11:00 a.m. This is my busiest time of day. My cell phone rings continuously. I don’t do many showings anymore unless someone asks for Enzo. Usually I’ll have my agents show clients 15 to 20 houses; then, when they narrow it down to two or three, I come in. Today, my average price per house is about $3 million. But we have Christie Brinkley’s house in North Haven for just under $18 million. We first listed it for $25 million in 2016. We had five offers last season, and we anticipate that it will sell this year.

12:00 p.m. I often go to lunch by myself, at Dockers Waterside [in East Quogue]. I have cold seafood salad over greens, and two glasses of rosé. They have Wi-Fi there, so I can work. Lunch is about two hours.

2:30 p.m. We’re opening a new office in Sag Harbor this fall. It’s very rustic, so we’re renovating it. It will have two agents, who we are training now. Training can be a two-year process for us, sort of like dating. We like to see how they act, how they look, and we do not like drama. We’re also opening a new office this summer in Setauket. My nephew, Joel Posner Morabito, will be one of the two agents there. We’re going to focus on waterfront homes.

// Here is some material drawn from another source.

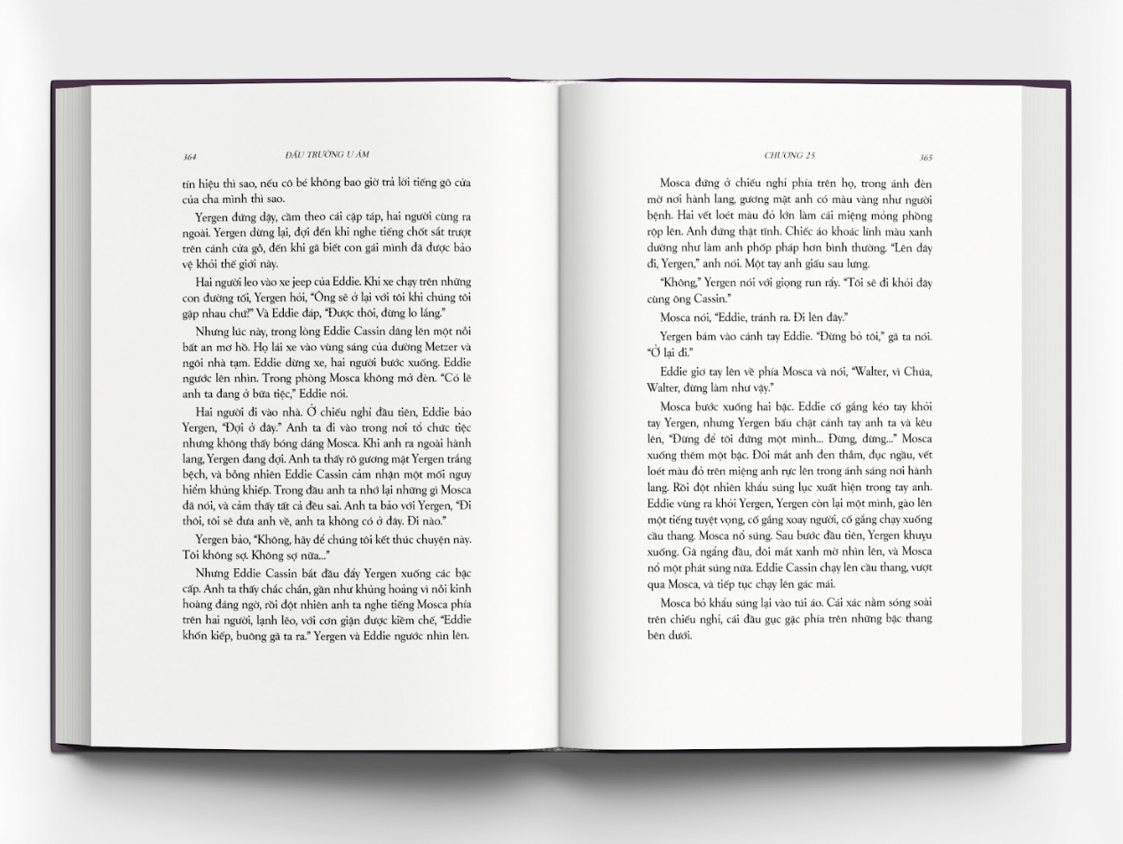 THÔNG TIN CHUNG: Đấu trường u ám Tác giả: Mario Puzo Dịch giả: Thanh Hoa Kích thước: 16 x 24 cm Số trang: 372 Hình thức: Bìa mềm, có bìa áo Giá bìa: 150.000đ Khối lượng: 500 gr Mã ISBN: 978-604-349-268-2 Mã sản phẩm: 8936203361360 Công ty phát hành: Công ty Cổ phần Văn hóa Đông A Nhà xuất bản: NXB Văn học Phát hành: 06/2022 NỘI DUNG GIỚI THIỆU: Walter Mosca, nhân vật chính của câu chuyện, là một cựu quân lục binh chỉ hơn hai mươi tuổi, trở về quê nhà ở Mỹ sau thời gian chiến đấu ở mặt trận Đức. Nhưng chính cái nền hòa bình mà anh ra đi chiến đấu để giành lấy ấy lại khuấy đảo tâm hồn đã chai sạn của người lính trẻ, thò cái vuốt sắc của mình vào nơi sâu thẳm nhất trong anh, sục sạo và phơi bày những cảm xúc nghiệt ngã. Không thể trốn tránh, Mosca lên tàu trở lại Đức, không chỉ để tìm kiếm những mảnh linh hồn vỡ nát của mình, mà còn để tìm người phụ nữ Đức anh đã gặp và đã yêu trong khi anh là ‘kẻ chinh phạt’, còn cô là ‘kẻ bị chinh phạt’. Cuộc đoàn tụ êm ả không diễn ra dài lâu, khi những bất ổn chính trị ở vùng đất hoang tàn này kéo họ vào vòng xoáy của thù hận, tiền bạc, quyền lực.   Tác phẩm này có các yếu tố của một tiểu thuyết đầu tay thành công: một cựu binh Mỹ từng tham gia các chiến dịch ở Đức tình nguyện đến làm việc cho phòng nhân viên dân sự ở Đức; một thị trấn ở miền Bắc nước Đức nơi cư dân phải gánh chịu nỗi đau chiến tranh, nơi chợ đen hết sức phát đạt, và nơi thế giới ngầm thật sự là những căn hầm nằm dưới đống đổ nát, dưới những xác chết bị chôn vùi.

4:30 p.m. It’s cocktail hour. I like to buy the team a glass of wine, and we’ll go to Starr Boggs in Westhampton Beach, which has a great Monday-night lobster bake.

7:00 p.m. Cathy and I have dinner at home with Alessandro, our 14-year-old son. I used to cook, but now Cathy mostly does. She makes penne alla vodka or meatballs. She makes really good, healthy food.

9:00 p.m. After dinner, the three of us split. I like to watch nature shows and comedies, like Monty Python. I’m friends with Terence Stamp, the British actor, who used to live in the Hamptons. I watch all his movies. I also like “Jurassic Park” and its sequels. I built a home theater out of a bedroom in our house, but Alessandro took it over, so I’m back to the den.

10:00 p.m. I’m really into audiobooks. I listen to two a week in bed. I have these Bose earbuds that are so comfortable — I usually fall asleep with them in. I just listened to Garth Stein’s “Racing in the Rain: My Life as a Dog,” about a yellow Lab named Enzo. Maybe I was a dog in my former life.